Pilot programmes
1. Heart Failure
When heart fails to pump out sufficient blood to the rest of the body as demanded, most often caused by heart attack and high blood pressure, heart muscles will be damaged. This is a condition called heart failure. Most people with heart failure complain of breathing difficulty that may happen during exercise, eating or even sleeping. Other common symptoms and signs are lethargy, ankle swelling, abdominal bloating, frequent urination and memory impairment.
Patient with heart failure also have a poor prognosis and high risk of developing dangerous heart rhythms triggered by the damaged tissue inside the heart.
Current established treatment includes medications that have been proven to alleviate symptoms and reduce the risk of death. Furthermore if the heart damage were caused by blockage of artery, then angioplasty or heart bypass operation may help as they can restore blood supply to parts of the heart that is starved of oxygen. Unfortunately none of the conventional and current treatments above could regenerate new heart muscle to replace the permanently damaged ones caused by previous heart attacks. Hence there will always be some degree of heart failure and progressive deterioration in health.

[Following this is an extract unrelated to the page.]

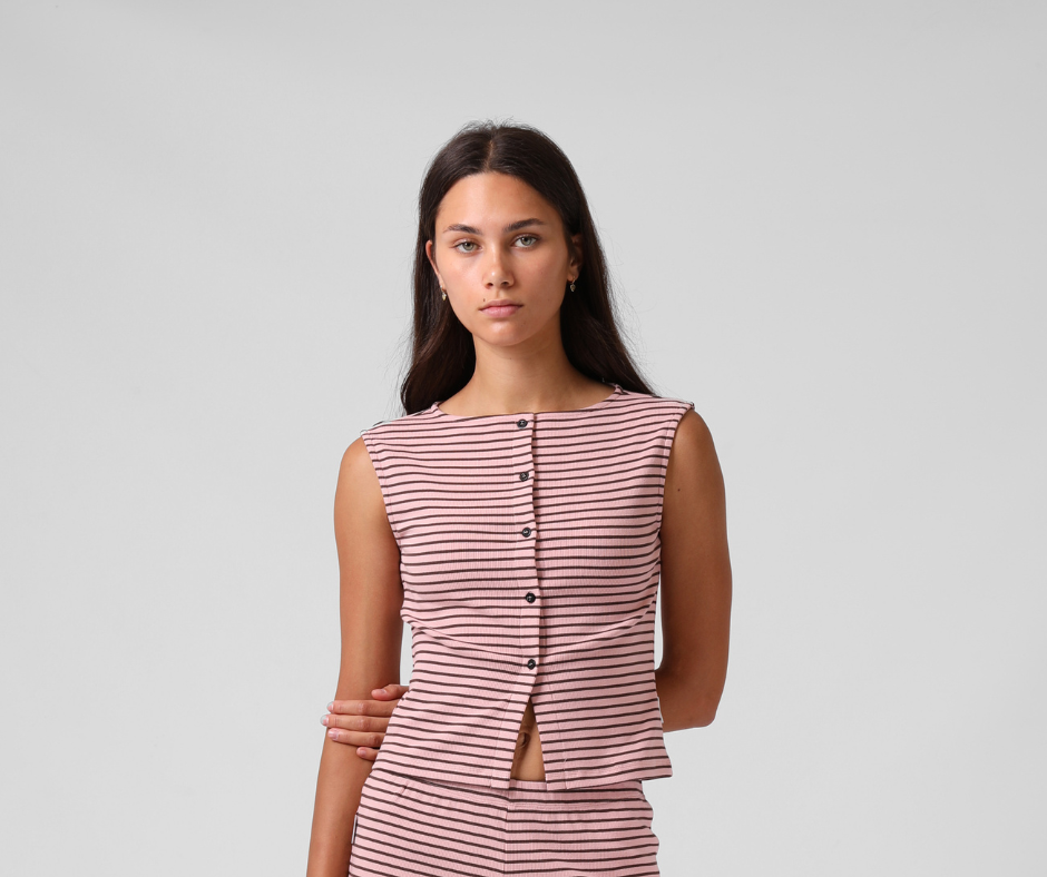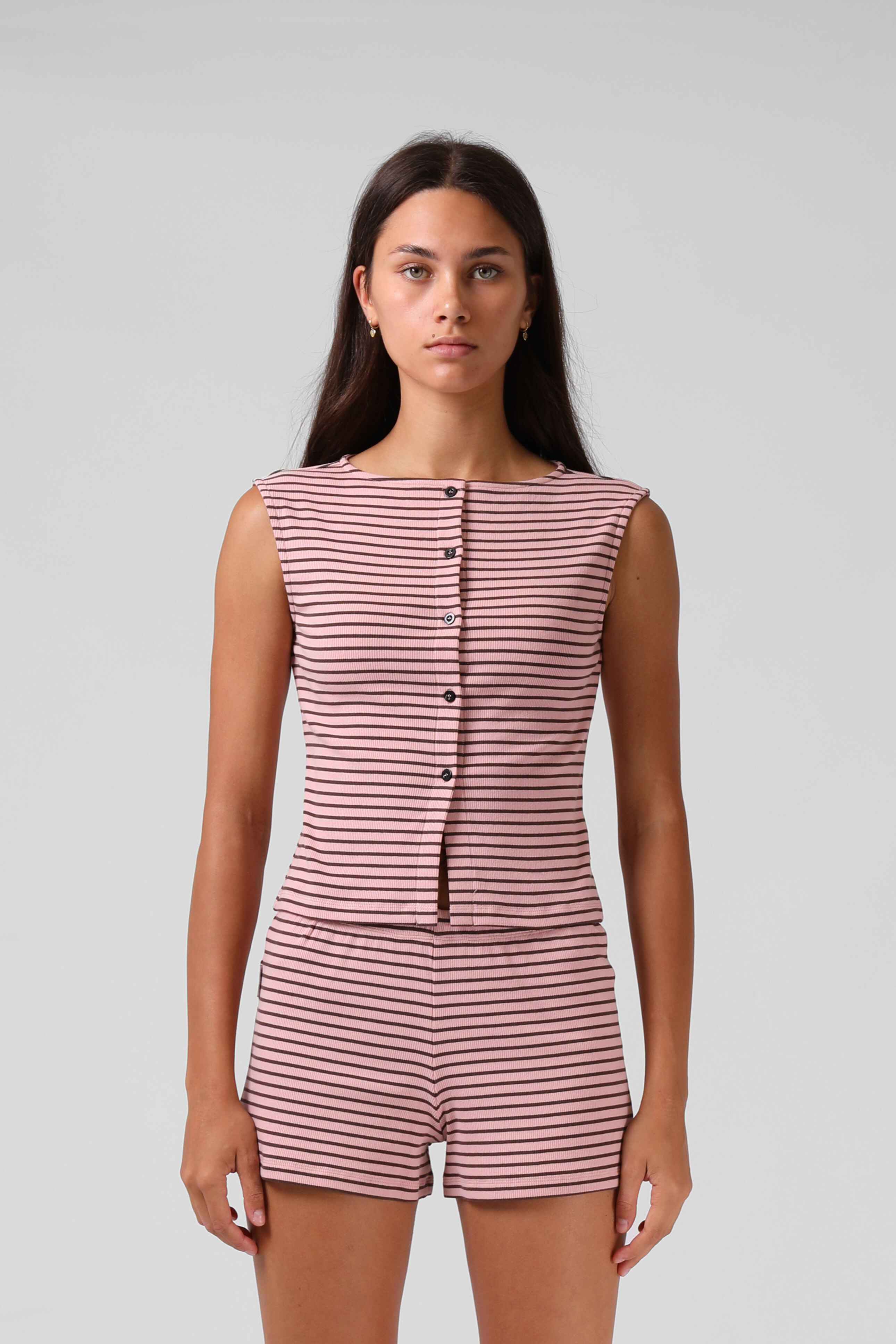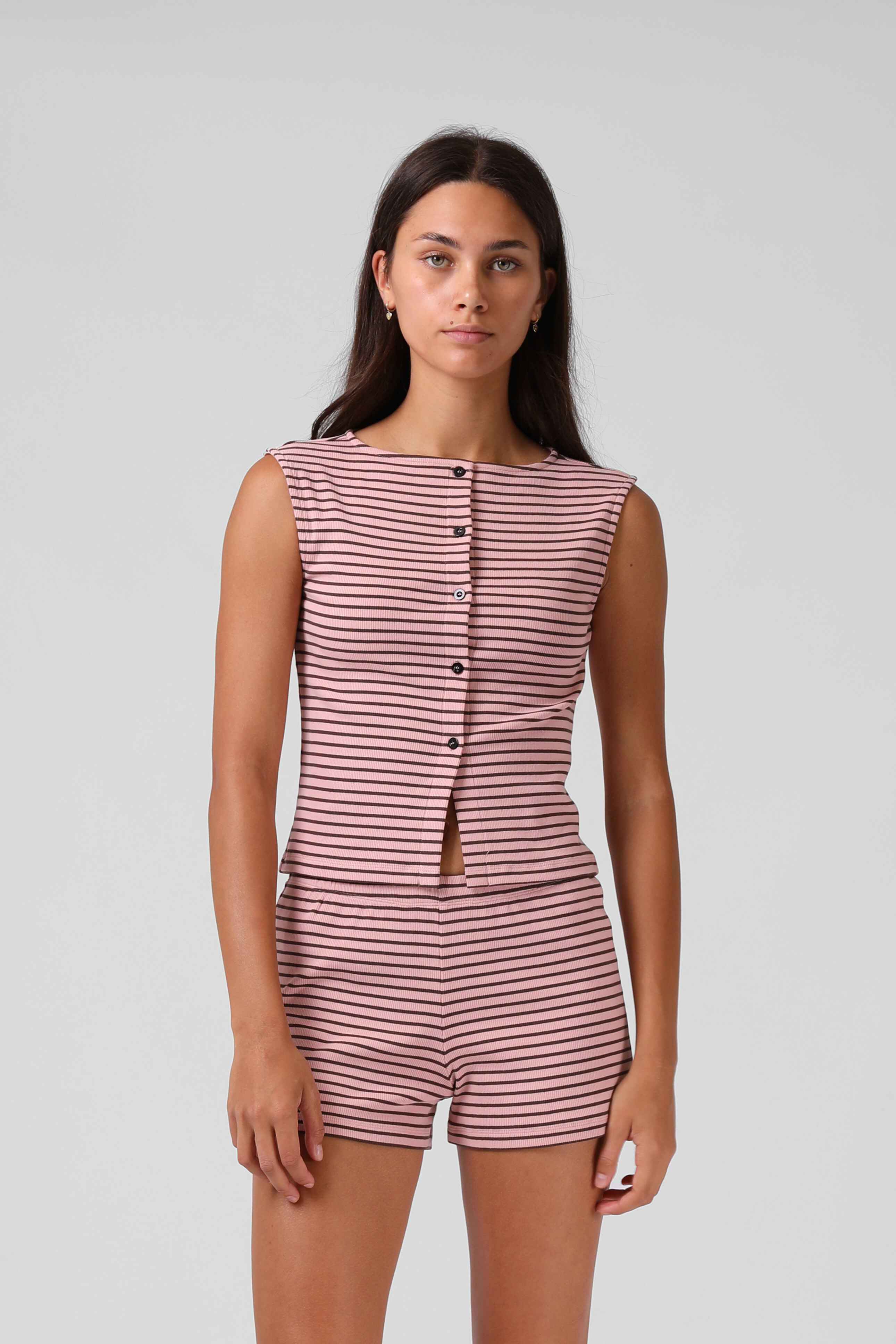 Effortless and chic, the Addison Top in Rose Stripe is a modern essential with a touch of playful charm. Made from a soft cotton blend with a hint of stretch, this sleeveless button-front top is designed for both comfort and style. The horizontal stripe pattern adds a relaxed, timeless appeal, while the slightly cropped silhouette makes it perfect for pairing with high-waisted shorts or skirts.

For patient with heart failure, Cardiocell™ treatment will repair damaged cells and provide growth of new heart muscle, hence increase the overall strength of heart and alleviate heart failure. In addition, Cardiocell™ replaces the scarred portions of the damaged heart with viable muscle. As these scarred areas can trigger dangerous heart rhythms and cause cardiac arrest, by replacing the scar tissue, Cardiocell™ not only improves heart failure but also reduces the risk of sudden death from cardiac arrest.
In studies using cells identical to Cardiocell™ for heart failure, patients benefited from symptom relief, improved exercise capacity and stamina, and reduction of angina. There is evidence of increased heart strength and contractility, reduction of heart swelling and scar tissue.
Cardiocell™ allows the heart to repair and reverse its damage that current conventional treatment cannot provide. It is therefore complementary to conventional heart failure therapy. It brings new hope and treatment option for heart failure patients who remain ill in spite of, or are ineligible for, current treatments.
Generally if you had a heart attack in the last 2 years which has resulted in severe heart failure now and you have exhausted current methods of treatment, then you may be eligible for CardiocellTM treatment. We welcome your participation in CardiocellTM pilot programme as part of Cytopeutics’ clinical study. However, you should consult your regular doctor or cardiologist to determine your eligibility criteria.
*CardiocellTM is also suitable for non-ischemia dilated cardiomyopathy. Please contact us to find out more.
2. Heart Attack
Heart attack occurs when there is sudden interruption of blood flow to the heart caused by blood clot that blocks the coronary blood vessel. This blockage and subsequent loss of blood flow causes the portion of the heart to die and become scarred and eventually leads to heart failure. Most people with heart attack complain of chest pains that feel heavy or tight. The pain may spread to involve the neck, shoulder or arms. In addition, there may also be breathing difficulty, sweating, nausea, palpitation and dizziness.
It is paramount to restore blood supply to the heart as quickly as possible. This may be done by a drug that dissolves the blood clot in the coronary, or through angioplasty to reopen the artery or with a heart bypass operation. Depending on how soon your doctor restores blood supply to the heart, your heart attack may leave you with a small degree of heart muscle damage or an extensive one.
Unfortunately none of the conventional and current treatments above could regenerate new heart muscle to replace the permanently damaged ones caused by the heart attack. For patients with extensive damage, the heart may become weaker and inefficient and ultimately causes heart failure to occur. The permanently damaged areas of the heart become scarred and can trigger dangerous heart rhythms resulting in sudden cardiac arrests. Patients therefore have to take life-long medication to reduce the risk of either complication.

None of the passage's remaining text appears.